I have not made much progress on the bike yet.  I just today got out of school for summer break so i will have more time now for my project.  I have nicer wheels for it but i still need the new departure triple speed shifter.  I hit up copake, had somebody looking for me at trexlertown, and i asked around at the bike show the shop i work at does; but nothing. The other down side to going to shows is i bought more projects.  Finally got a colorflow that ive been wanting for forever, and a bunch of other stuff.  I did however clean up the frame and its looking great.  So many projects so little time.  I just finished up a ladies 5 star maybe ill start another post with some pics of my projects.  Thank you for asking and ill try to get moving on it.


----------



## Zark (Aug 15, 2013)

*Real Cycle bikes.*

Just to add I came across this old thread the first three photos are of a Real Cycle bike, only the later version that I am more familiar with, also it would be a middle weight and not a balloon tire bike. http://thecabe.com/vbulletin/showth...ication-on-auction-finds&highlight=Real+Cycle


----------



## Barnegatbicycles (Aug 25, 2013)

*Resto complete!*

I had nothing better to do today so i started working on the real.  I figured out that the triple speed wont work without some spacers so i decided to leave it off for now until i get the parts.  It rides great and i think it came out "real" nice.
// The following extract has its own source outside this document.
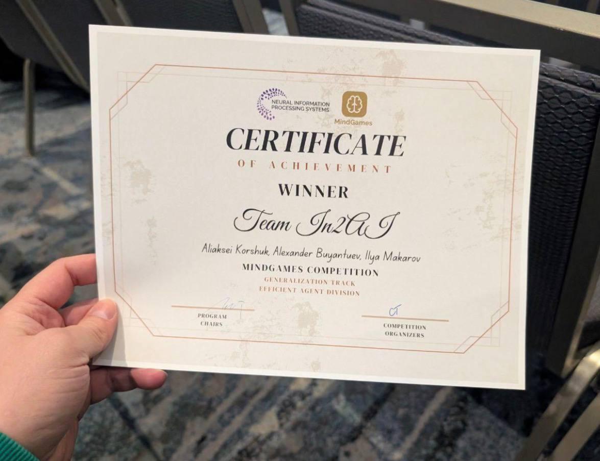 Соревнование MindGames Arena проводится как часть одной из ключевых конференций в области ИИ NeurIPS 2025 и проверяет, могут ли агенты демонстрировать социально‑стратегические способности — моделировать убеждения других, обнаруживать обман, координироваться и планировать в многоходовых взаимодействиях — все это, общаясь на естественном языке. Команда In2AI Института AIRI, стартапа Coframe и Университета Иннополис заняла первое место в треке Generalization в двух категориях: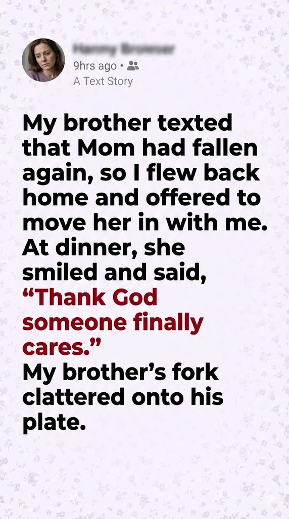 My brother texted that Mom had fallen again, so I flew back home and offered to move her in with me. At dinner, she smiled and said, “Thank God someone finally cares.” My brother’s fork clattered onto his plate. Later that night, I opened her suitcase and gasped when I saw……

Also for the front hub i used a schwinn marked hub because i thought it went well with the bike.


----------



## Zark (Dec 6, 2013)

Great job on the Real Cycle restore job, really looks great! Also found out that Steve Maxamo who ran the Real Cycle Company, had died recently. Was hoping to see one more time but it's too late now. http://www.legacy.com/obituaries/ph...n-j-maximo&pid=166907990#sthash.1j8DZHRY.gbpl.......http://www.fletchernasevich.com/


----------



## Jim Milsted (Mar 2, 2021)

https://www.facebook.com/linda.w.co...z7HmfqEh_jthW4qRcEwXZedH0Kg6ew&[B]tn[/B]=R]-R
Many year ago I was at an auction in Philly of an old time bicycle co "The Real Bicycle Co."...I bought all the dies and jigs for making balloon tire bicycles...Also a machine for making rubber tires on wagons....Took two trips to get this stuff home....Tried for years to sell the dies & jigs in Hemmings Motor News, Tradin Times and other ad's...This was way before internet sales...Ended up scraping the stuff....Now when I talk to bicycle nuts they are so mad that I didn't keep it all....Wish I did, but it certainly was some very heavy iron....I still remember the auctioneers name, Barry Slosberg from Philly...I was at one of his auctions a couple of years ago and he remembered that bicycle auction....If I took that stuff to Fall Hershey Swap Meet today I could get thousands of $$$ for it all....Hindsight ! LOL


----------



## Barnegatbicycles (Mar 3, 2021)

I heard rumors that some of it ended up at the old bike shop in my town of Barnegat.


----------



## semcgrory1018 (Aug 14, 2022)

Zark said:


> Additional Information On the Real Cycle Co. is that it started out as N.T. Cycle by the founder Nicholas Toconita, as seen on this old Bicycle head badgeView attachment 534785 and later became the Real Cycle Co. as seen on this bicycle Head badge, in the 1960's the head badges were made with a silvered paper and glued on, with the REAL spelled out verticaly with wings to either side, still trying to find a photo of one. View attachment 534786 Here is the building years after the bicycle company closed. View attachment 534787 and this
> 
> 
> 
> ...



I bought this bike on FB marketplace and I'm getting it restored...it has the vertical badge you mentioned


----------